MySQL Federated Tables

The MySQL Federated storage engine for the MySQL relational database management system is a storage engine which allows a user to create a table that is a local representation of a foreign (remote) table. It utilizes the MySQL client library API as a data transport, treating the remote data source the same way other storage engines treat local data sources whether they be MYD files (MyISAM), memory (Cluster, Heap), or tablespace (InnoDB). Each Federated table that is defined there is one .frm (data definition file containing information such as the URL of the data source). The actual data can exist on a local or remote MySQL instance.

Before creating federated tables you need to install federated engine plugin & enable it from mysql. You can do this by following this post.

Creating FEDERATED Tables

Federated tables can be created in two ways

  • Creating a FEDERATED Table Using Connection
  • Creating a FEDERATED Table Using CREATE SERVER

To use the first method, you must specify the CONNECTION string after the engine type in a CREATE TABLE statement. For example

CREATE TABLE federated_table ( 
id INT(20) NOT NULL AUTO_INCREMENT, 
name VARCHAR(32) NOT NULL DEFAULT '', 
other INT(20) NOT NULL DEFAULT '0', 
PRIMARY KEY (id), 
INDEX name (name), 
INDEX other_key (other) 
) 
ENGINE=FEDERATED 
DEFAULT CHARSET=utf8mb4
CONNECTION='mysql://fed_user@remote_host:3306/federated/test_table';

The format of the connection string is as follows:

scheme://user_name[:password]@host_name[:port_num]/db_name/tbl_name

Where:

  • scheme: A recognized connection protocol.

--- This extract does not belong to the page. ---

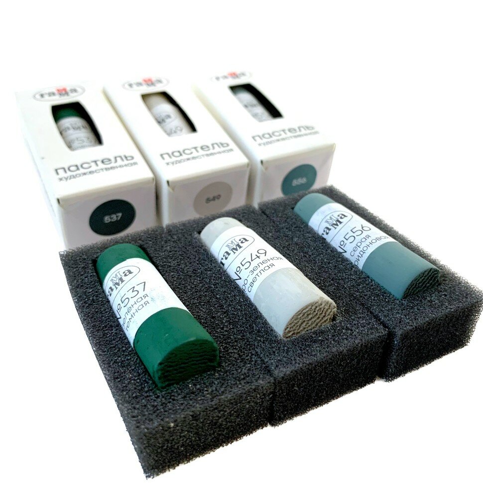 Комплект 3 оттенка Зелёного, пастель художественная Гамма, артикул 210823-537.549.556 информация:
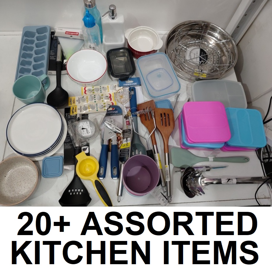 20+ assorted kitchen items - utensils, dishes, baking suppies & more

Only mysql is supported as the scheme value at this point.
  • user_name: The user name for the connection. This user must have been created on the remote server, and must have suitable privileges to perform the required actions (SELECT, INSERT, UPDATE, and so forth) on the remote table.
  • password: (Optional) The corresponding password for user_name.
  • host_name: The host name or IP address of the remote server.
  • port_num: (Optional) The port number for the remote server. The default is 3306.
  • db_name: The name of the database holding the remote table.
  • tbl_name: The name of the remote table. The name of the local and the remote table do not have to match.

Sample connection strings:

CONNECTION='mysql://username:password@hostname:port/database/tablename'
CONNECTION='mysql://username@hostname/database/tablename'
CONNECTION='mysql://username:password@hostname/database/tablename'
Creating a FEDERATED Table Using CREATE SERVER

If you are creating a number of FEDERATED tables on the same server, or if you want to simplify the process of creating FEDERATED tables, you can use the CREATE SERVER statement to define the server connection parameters, just as you would with the CONNECTION string.

The format of the CREATE SERVER statement is:

CREATE SERVER
server_name
FOREIGN DATA WRAPPER wrapper_name
OPTIONS (option [, option] ...)

For example, to create a server connection identical to the CONNECTION string:

CONNECTION='mysql://fed_user@remote_host:3306/federated/test_table';

You would use the following statement:

CREATE SERVER fedlink
FOREIGN DATA WRAPPER mysql
OPTIONS (USER 'fed_user', HOST 'remote_host', PORT 3306, DATABASE 'federated');

To create a FEDERATED table that uses this connection, you still use the CONNECTION keyword, but specify the name you used in the CREATE SERVER statement.

CREATE TABLE test_table (
    id     INT(20) NOT NULL AUTO_INCREMENT,
    name   VARCHAR(32) NOT NULL DEFAULT '',
    other  INT(20) NOT NULL DEFAULT '0',
    PRIMARY KEY  (id),
    INDEX name (name),
    INDEX other_key (other)
)
ENGINE=FEDERATED
DEFAULT CHARSET=utf8mb4
CONNECTION='fedlink/test_table';

The connection name in this example contains the name of the connection (fedlink) and the name of the table (test_table) to link to, separated by a slash.